One can also calculate r from this method:
r = PlayerWeight/(PlayerWeight + PopWeight) r = (1/PlayerVarRand)/(1/PlayerVarRand + 1/PopVarTrue) r = 1/(PlayerVarRand*(1/PlayerVarRand + 1/PopVarTrue)) r = 1/(1 + PlayerVarRand/PopVarTrue) r = PopVarTrue/(PopVarTrue + PlayerVarRand)
Whew, that was a lot of math. Once you’ve got some of that down, you can get on to the fun stuff, which is applying these formulas onto real players’ stats. But that will have to wait until my next post. I hope to look at some practical results both to see what they tell us about the reliability of different basketball stats, and to explore the differences between the various methods I’ve discussed in this post.
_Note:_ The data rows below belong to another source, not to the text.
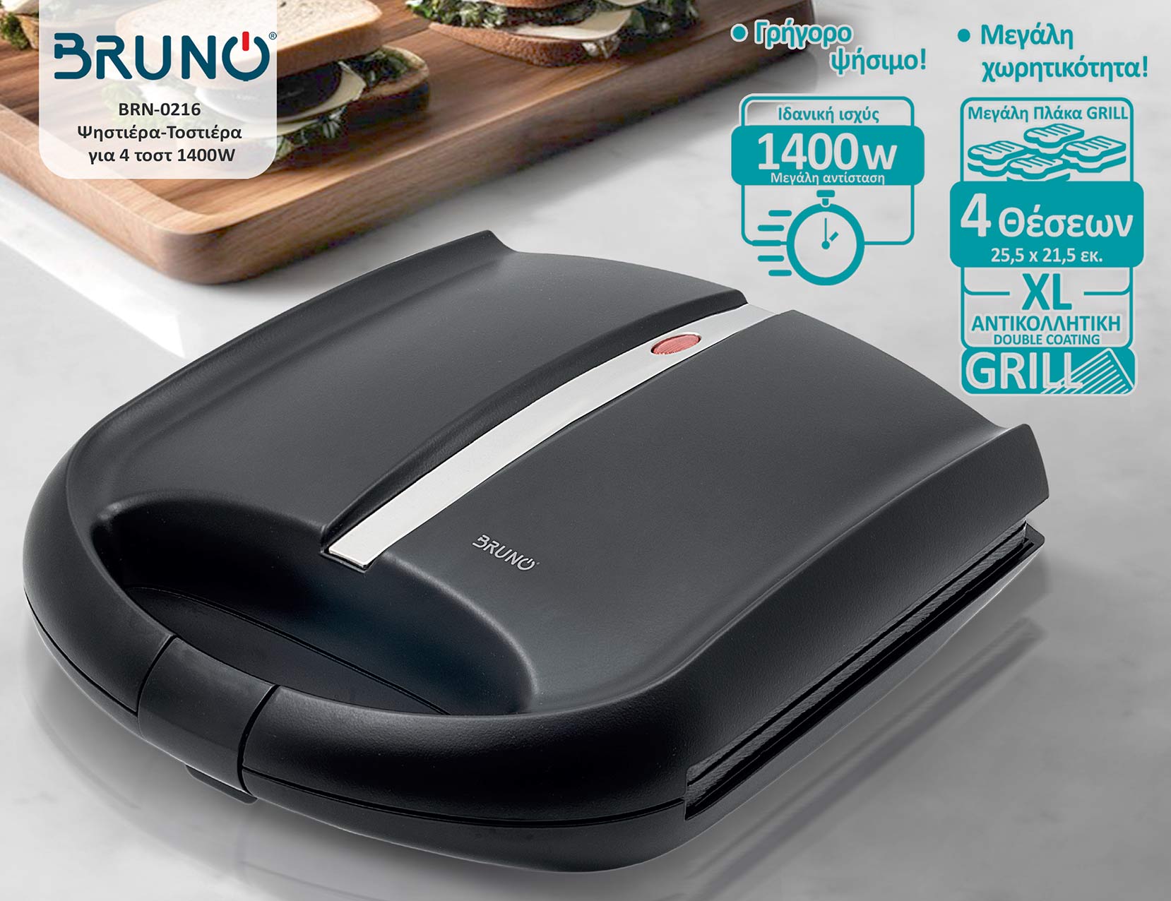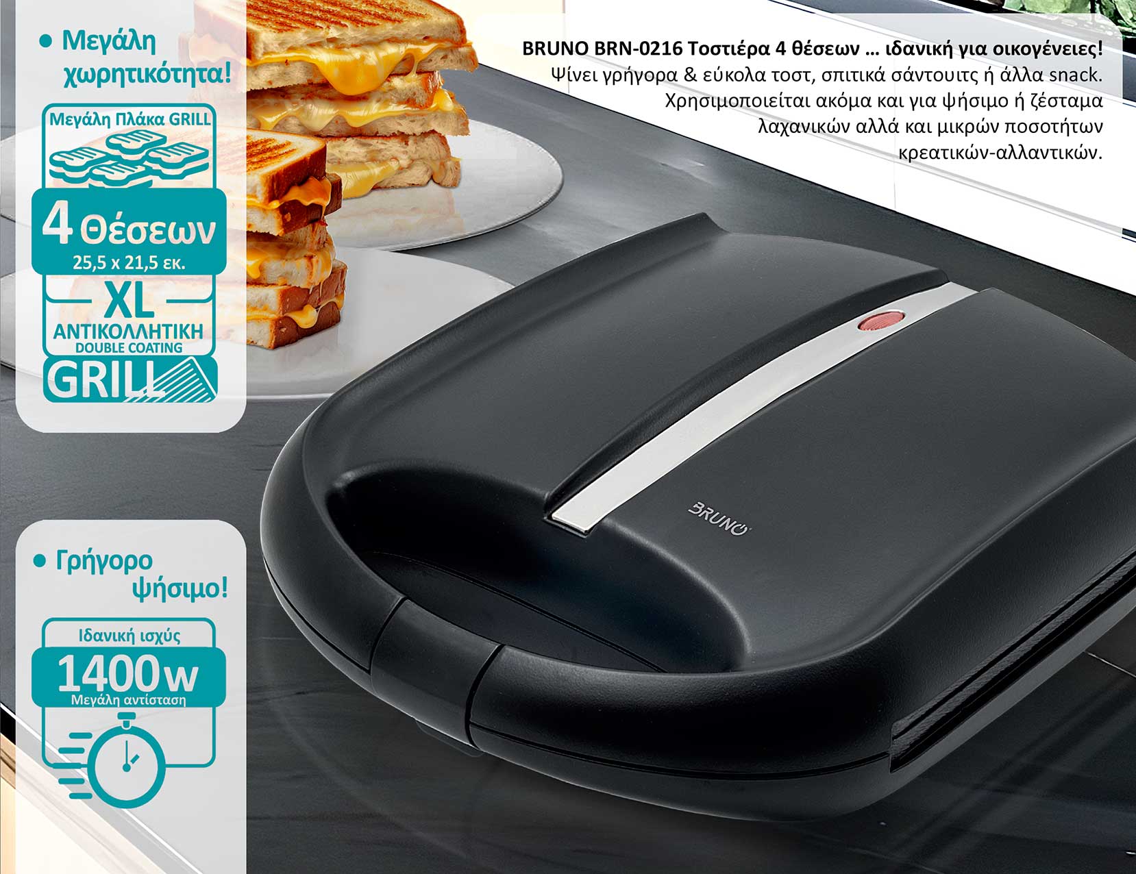 Με ισχύ 1400W και μεγάλη αντίσταση υπόσχεται γρήγορη προθέρμανση και γρήγορο ψήσιμο.
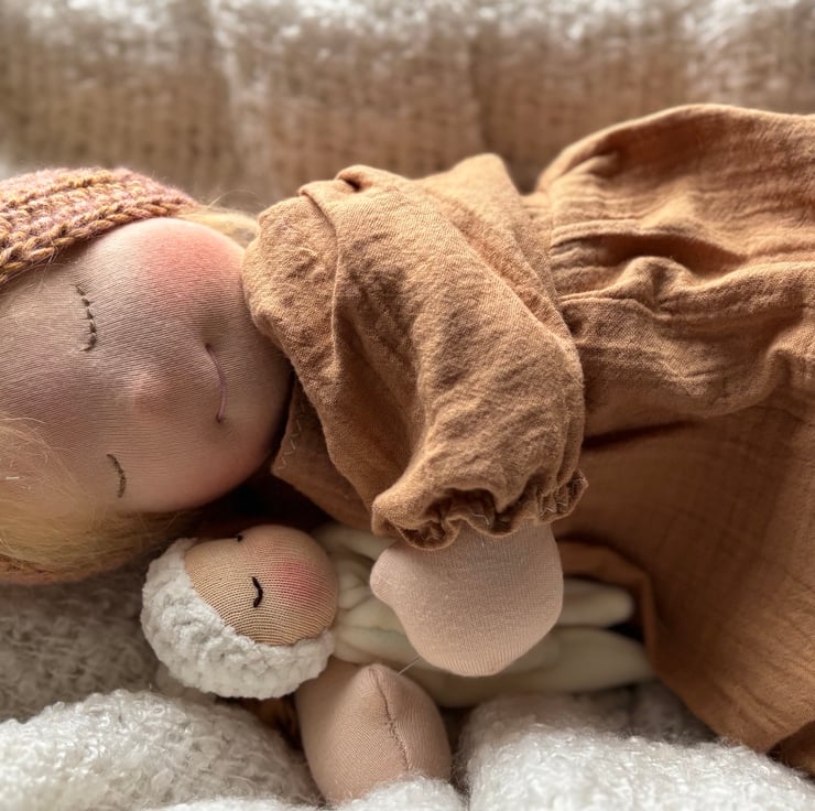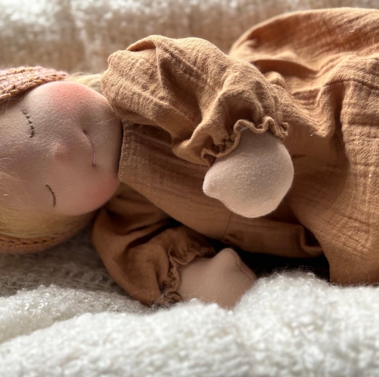 Skin fabric is doll jersey de witte lined with T-shirt fabric for extra strength ,fine weighting sand used for weighting hands ,feet and bottom
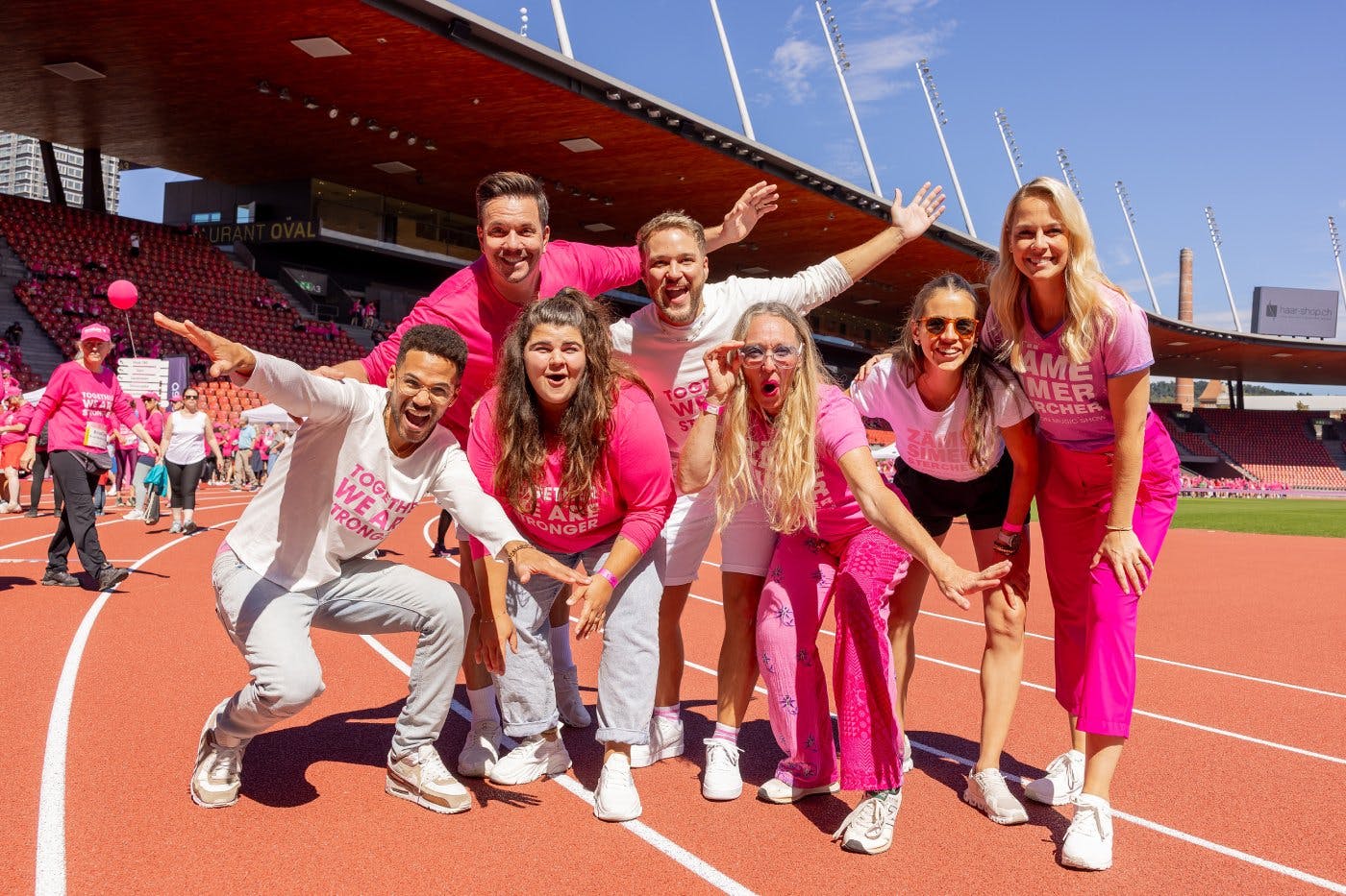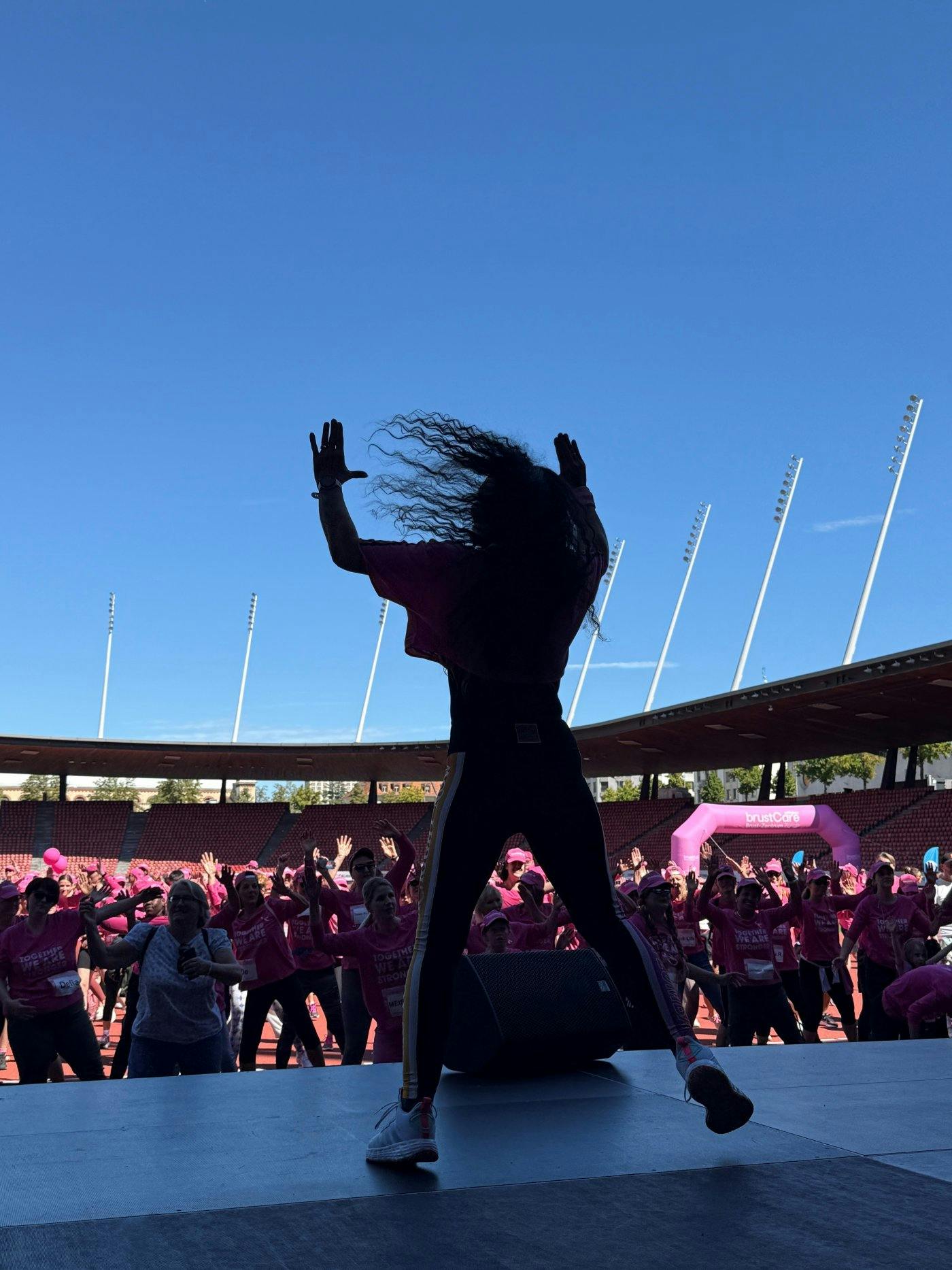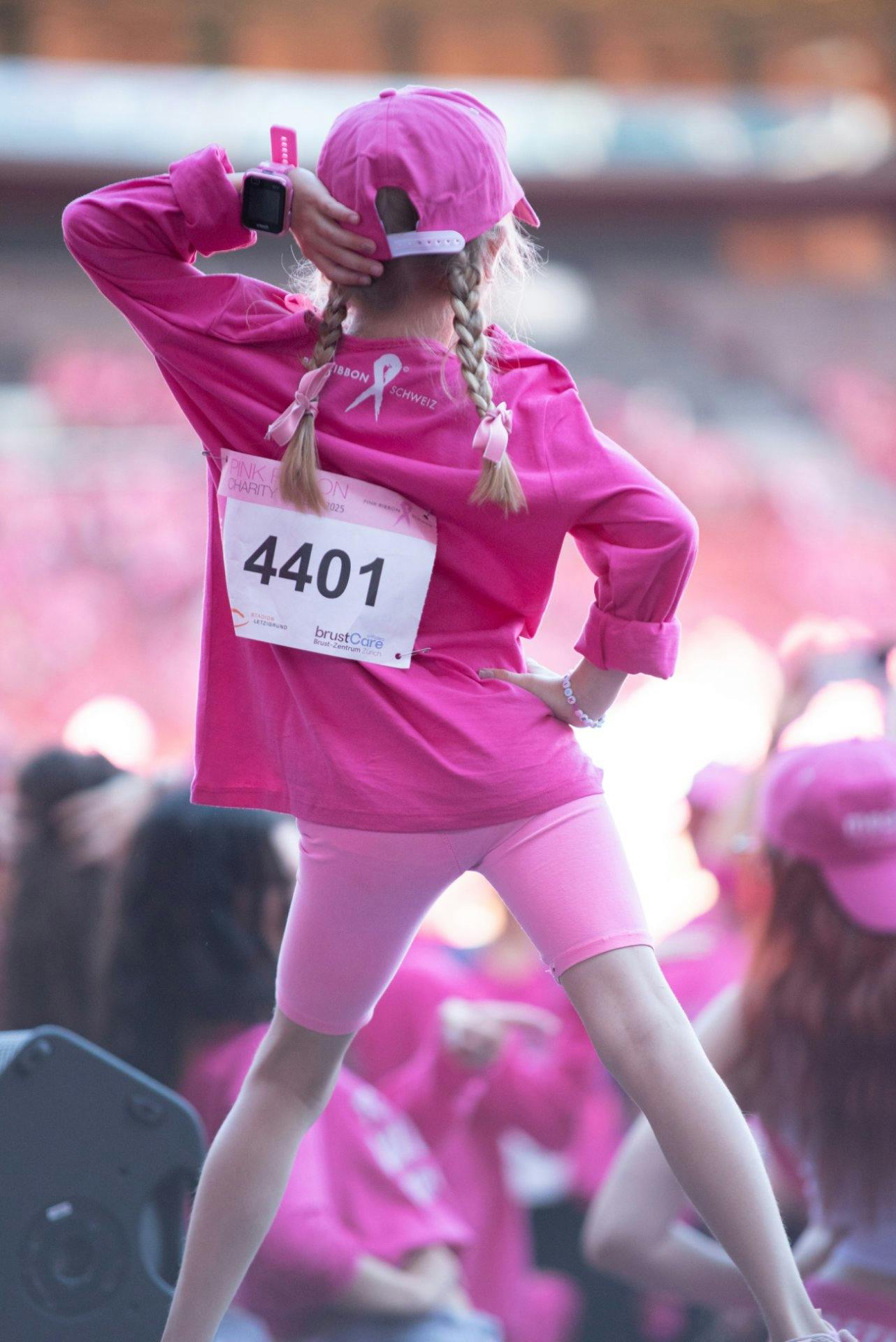 Ab 12 Uhr beziehst du dein exklusives Pink-Ribbon-Shirt im Stadion. Während Kids beim Hip-Hop-Kurs von Star-Choreograf Curtis Burger ihre Moves zeigen, sorgen Botschafterin Linda Fäh und prominente Gäste wie Jesse Ritch auf der Bühne für Stimmung. Gemeinsam kreieren sie unter dem Motto «ZÄME SIMER STERCHER» einen spektakulären Überraschungsmoment im Startribbon.
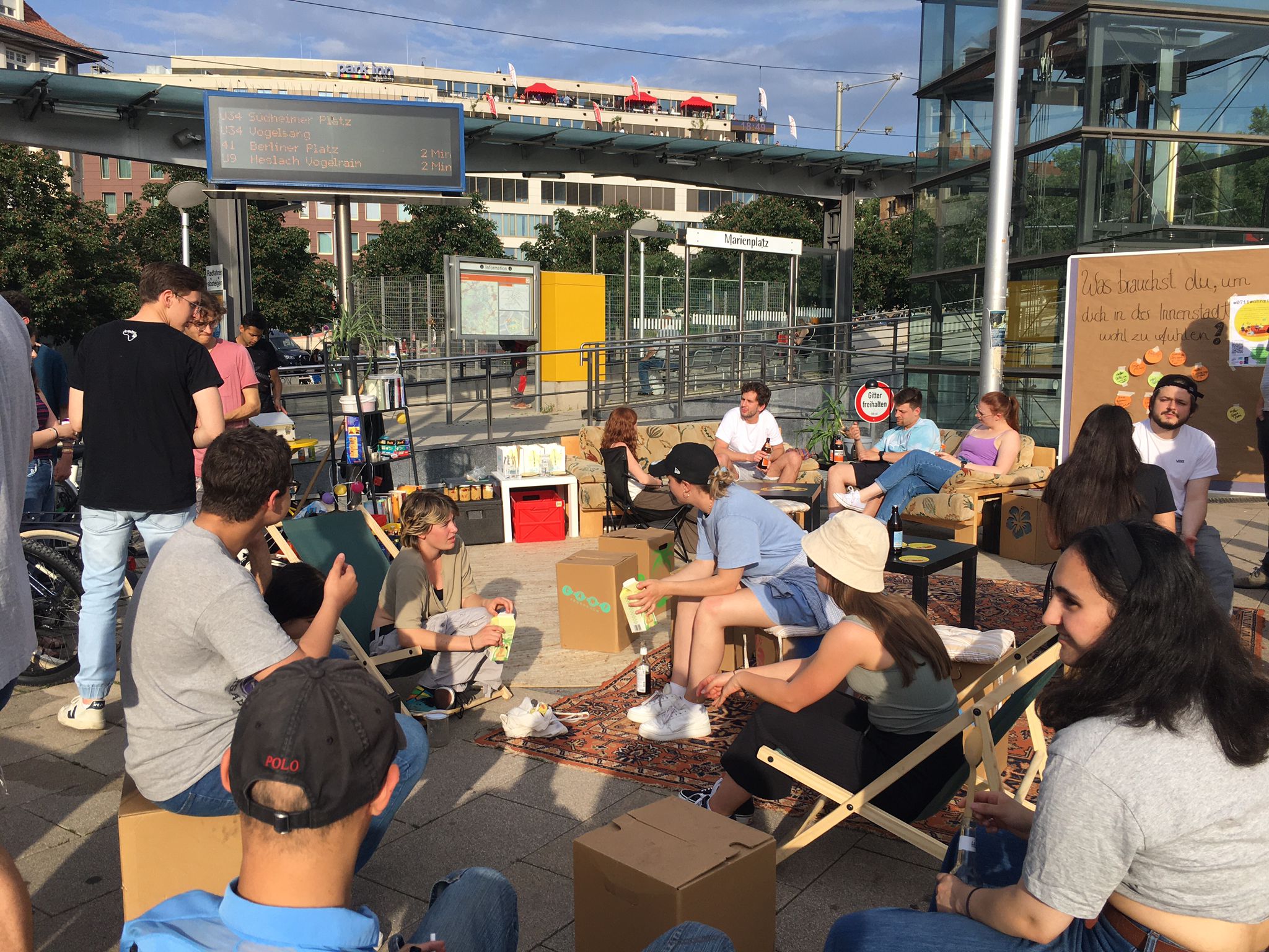 Hierfür wurde ein mobiles „Wohnzimmer“ eingerichtet, das im zweiwöchigen Rhythmus an zentralen und stark frequentierten Orten positioniert wurde. Zu den bespielten Standorten gehörten der Kleine Schlossplatz, der Feuersee sowie der Marienplatz – Plätze, die insbesondere an Wochenenden von vielen jungen Menschen genutzt werden.
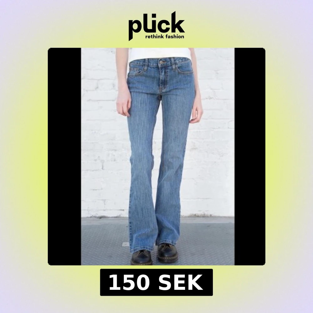 Brandy Melville ”Brielle 90s jeans” jeans i blå tvätt med bootcut passform. Jeansen har fem fickor, knapp och dragkedja framtill samt subtila sömmar. Perfekt för dig som gillar retrovibbar och vill ha ett par jeans med lite utsvängda ben.
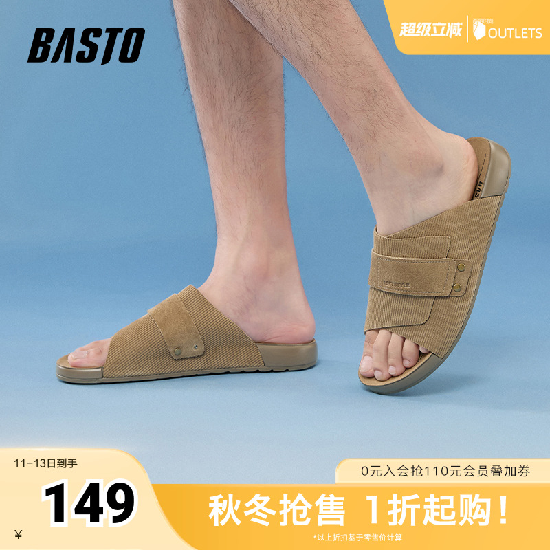 百思图2025夏季新款时尚户外休闲勃肯鞋平跟男拖鞋FBK09BT5
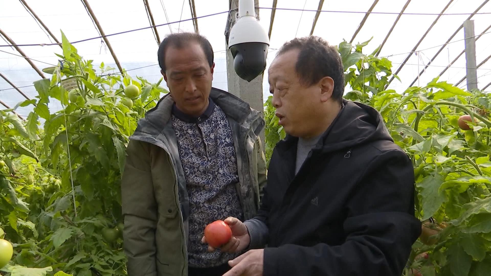農技人員為農戶講解溫室西紅柿管理的注意事項。劉宏業攝

I also plan on addressing the issues of choosing a population to regress to, dealing with varying opportunity levels, determining whether a “skill” exists, and using regression to the mean as part of a projection system (like Tango does with his Marcels). Until then, if anyone can answer some of the questions I’ve posed about these different methods for regressing to the mean (or correct any of the mistakes I’ve surely made), I’d love to hear from you in the comments.